Елена Гордеева - Не все мы умрем
— Нет. Это ГМН.
Евгения затихла только потому, что он целовал ее губы. Но стоило ему оторваться, как она тут же сказала:
— Странная аббревиатура. Хм! Что-то гуманитарное?
— Некоторым образом. — Герман осторожно вошел в нее, она засмеялась. — Разве это смешно? — опешил Герман.
— А по-вашему, это трагедия? — И тут же вцепилась в него: — Ой! Так это Герман!
Герман замер, а затем прыснул:
— Я, конечно, польщен, что в такой момент вы думаете только обо мне. Но…
— Нет? Ой!
— Я умоляю, наслаждайтесь молча…
На Евгению накатилось такое же блаженное состояние, как бывало после массажа; она полностью расслабилась, глаза ее сами собой закрылись, а по всему телу разлилась такая истома, что все вокруг замерло: ночь, ветер за окном, деревья… Она боялась шевельнуться, чтобы не спугнуть очарования момента, которое тут же унесет быстротечное время.
«Вот если бы он меня сейчас сбросил с кровати, — подумала Евгения, — то я упала бы на пол по всем правилам, как пьяная, и не зашиблась — и никаких синяков.

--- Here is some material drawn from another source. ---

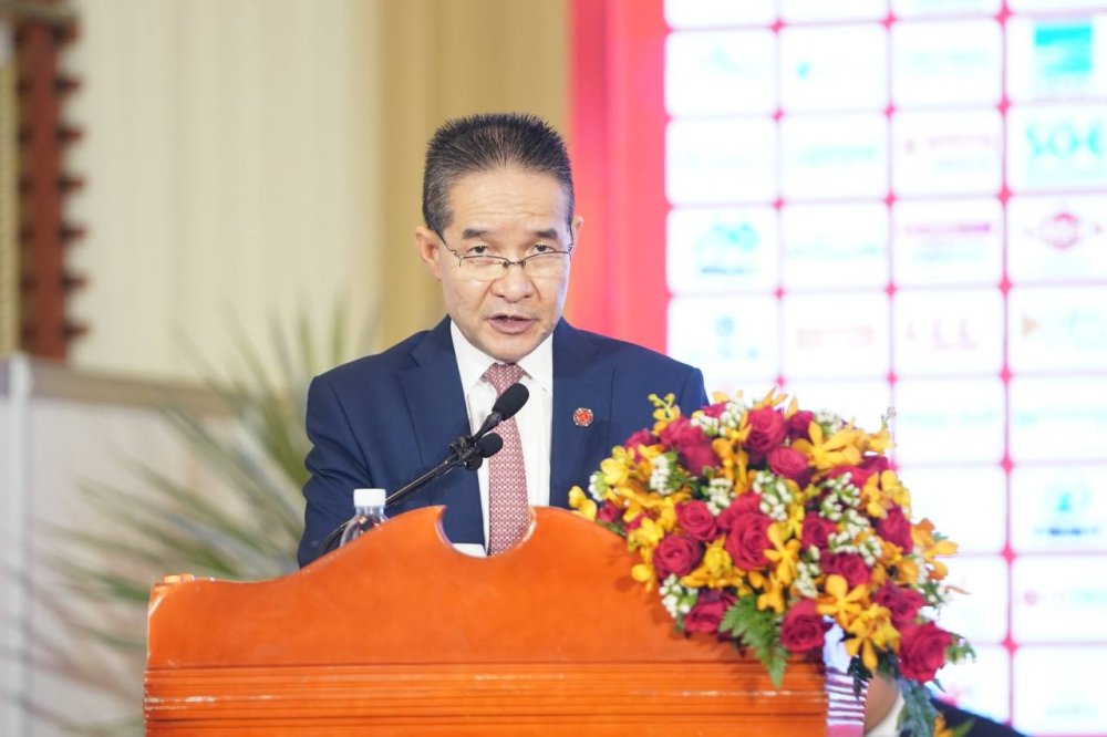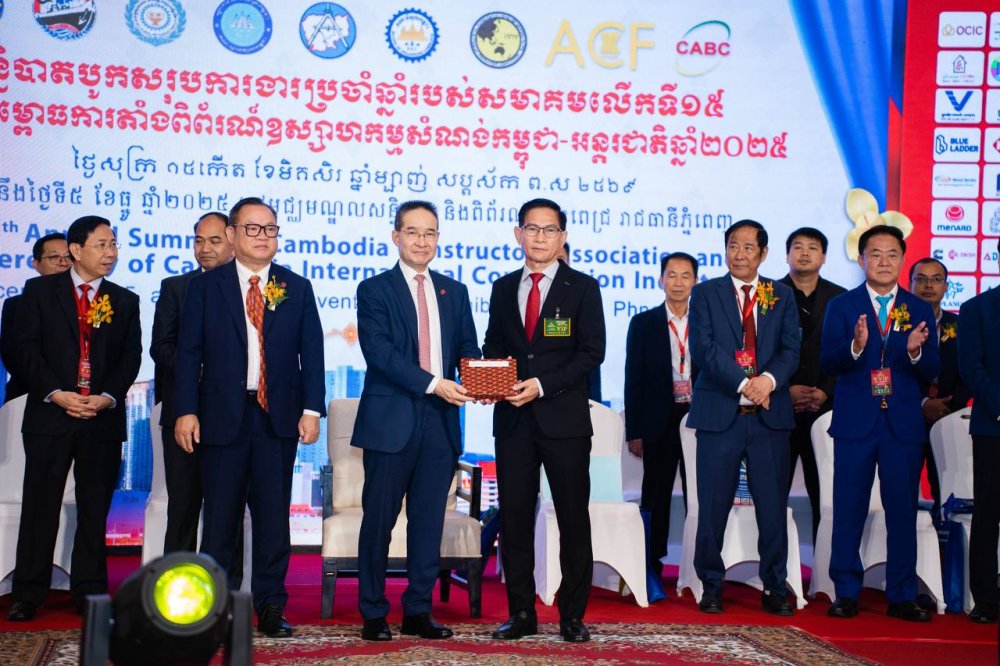 (រាជធានីភ្នំពេញ)៖នាព្រឹកថ្ងៃសុក្រ ១៥កើត ខែមិគសិរ ឆ្នាំម្សាញ់ ព.ស. ២៥៦៩ ត្រូវនឹងថ្ងៃទី៥ ខែធ្នូ ឆ្នាំ២០២៥ អ្នកឧកញ៉ា លឹម ហេង អនុប្រធានសភាពាណិជ្ជកម្មកម្ពុជា តំណាងដ៏ខ្ពង់ខ្ពស់ អ្នកឧកញ៉ា គិត ម៉េង ប្រធានសភាពាណិជ្ជកម្មកម្ពុជា និងជាប្រធានក្រុមប្រឹក្សាពិគ្រោះយោបល់ធុរកិច្ចអាស៊ានសម្រាប់កម្ពុជា និងសមាជិក សមាជិការ សភាពាណិជ្ជកម្មកម្ពុជា អញ្ជើញចូលរួមពិធីបើក មហាសន្និបាតបូកសរុបការងារលើកទី១៥ និងកម្មវិធីពិព័រណ៍ឧស្សាហកម្មសំណង់កម្ពុជា-អន្តរជាតិ ក្រោមអធិបតីភាព ឯកឧត្តម ឡៅ ទិព្វសីហា រដ្ឋលេខាធិការ ក្រសួងរៀបចំដែនដី នគរូបនីយកម្ម និងសំណង់ តំណាងដ៏ខ្ពង់ខ្ពស់ ឯកឧត្តម សាយ សំអាល់ រដ្ឋមន្ដ្រីក្រសួងរៀបចំដែនដី នគរូបនីយកម្ម និងសំណង់ ព្រមទាំងមានការអញ្ជើញចូលរួម ពីឧកញ៉ា ឆារស៍ វ៉ាន់ ប្រធានសមាគមអ្នកសាងសង់កម្ពុជា, ឯកឧត្តម ឃ្លាំង ហួត អភិបាលរងនៃគណៈអភិបាលរាជធានីភ្នំពេញ និងភ្ញៀវជាតិ-អន្តរជាតិជាច្រើន។

Лежишь в полубессознательном состоянии и падаешь в полубессознательном состоянии; ни удивления, ни страха, поэтому и не концентрируешься, не сжимаешься вся, а плюх — и сливаешься с вечностью! Вот это тренировка!» — Мысль Евгению развеселила.
Герман повернул к ней голову.
— Если вы не скажете, что такое ГМН, — взмолилась Евгения, — я не смогу заснуть. Буду думать, думать…

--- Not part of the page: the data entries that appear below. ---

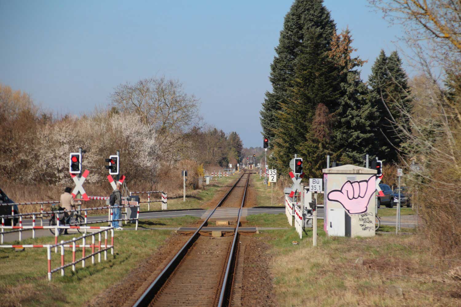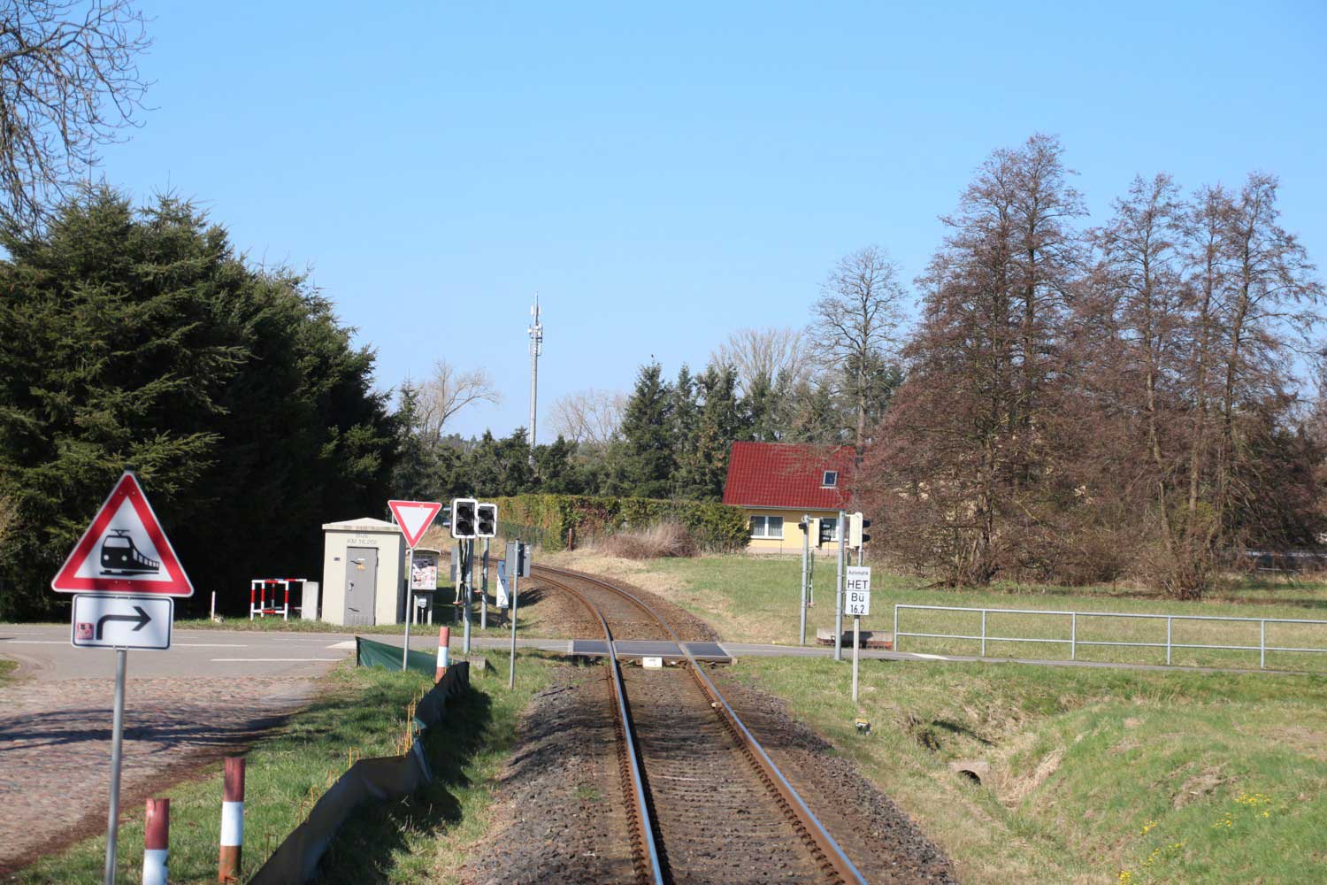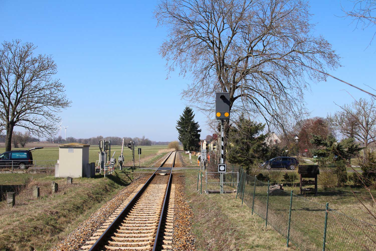 BÜ km 3,6 in Schneeberg (Mark) - Blick Richtung Königs Wusterhausen
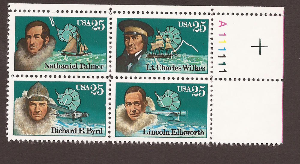 Plate block of four 25¢ - Antarctic Explorers - MNHSeller Information
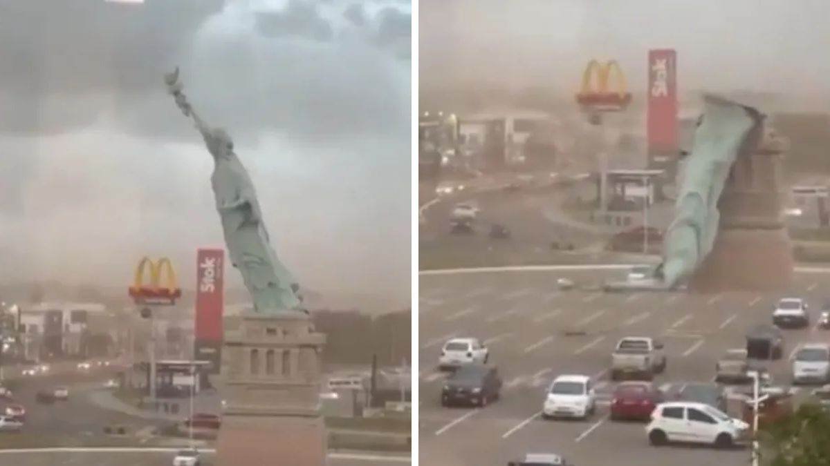 Statue of Liberty Replica Collapses: ब्राजील के गुआइबा शहर में सोमवार, 15 दिसंबर 2025 को आए शक्तिशाली तूफान ने शहर की एक प्रमुख पहचान को नुकसान पहुंचाया। तेज हवाओं के चलते न्यूयार्क स्थित स्टैच्यू ऑफ लिबर्टी की प्रतिकृति जमीन पर गिर गई। हावन रिटेल स्टोर की पार्किंग में लगी इस विशाल मूर्ति के गिरने का वीडियो सोशल मीडिया पर तेजी से वायरल हो रहा है।
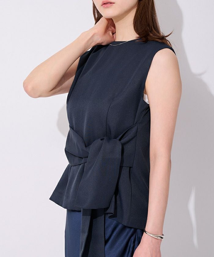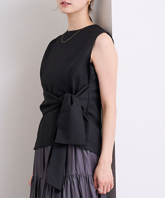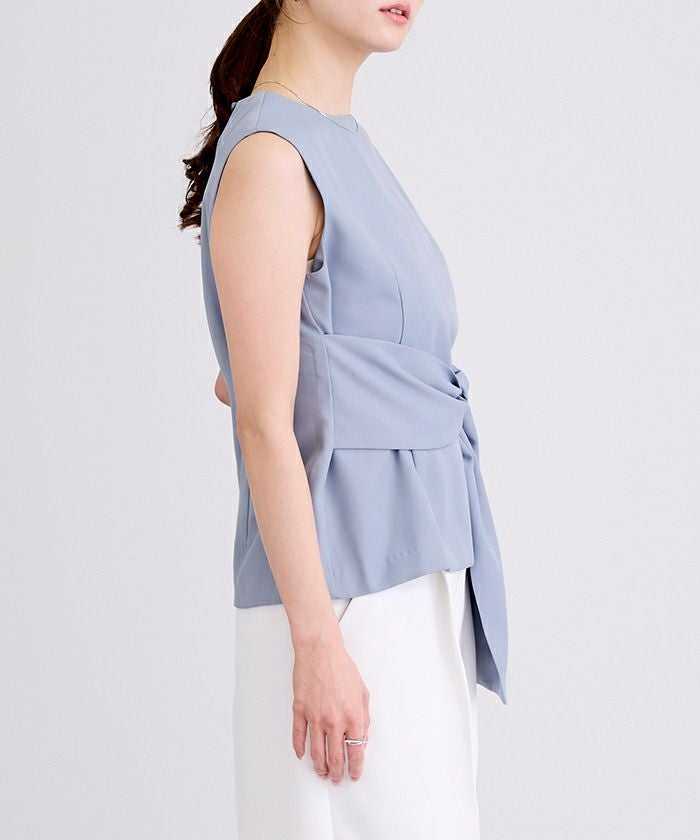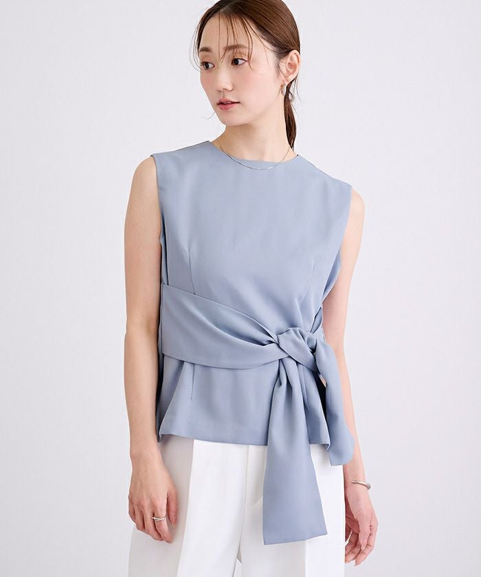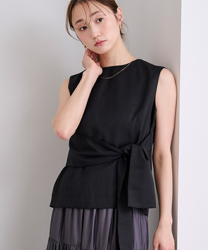 ウエストシェイプが女性らしさを演出するノースリーブトップス
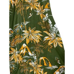 Women’s H&M Island Tropical Sun Dress Size 2 Green 5365 Volcano Palm Tree Midi

Герман застонал от ее настойчивости:
— Группа МН.
— Неужто это так секретно, что вы будете выдавать мне по буквам? Хорошо, что такое «М»?
— Спи! Узнаешь в Германии.
Через пять минут она уснула.
Герман осторожно, чтобы не потревожить Евгению, поднялся с постели, бережно накрыл ее одеялом и вышел из комнаты. Ему предстояло работать. Включая компьютер, он еще продолжал думать о женщине в комнате рядом; о том, что она догадалась обо всем совершенно правильно, кроме его чувств к ней, что его отец вздохнет наконец с облегчением (ГМН уже вздохнула), а бабка — та просто возрадуется. Разведка разведкой, а внуки внуками. Одно другому не помеха, скорее даже наоборот — помощь.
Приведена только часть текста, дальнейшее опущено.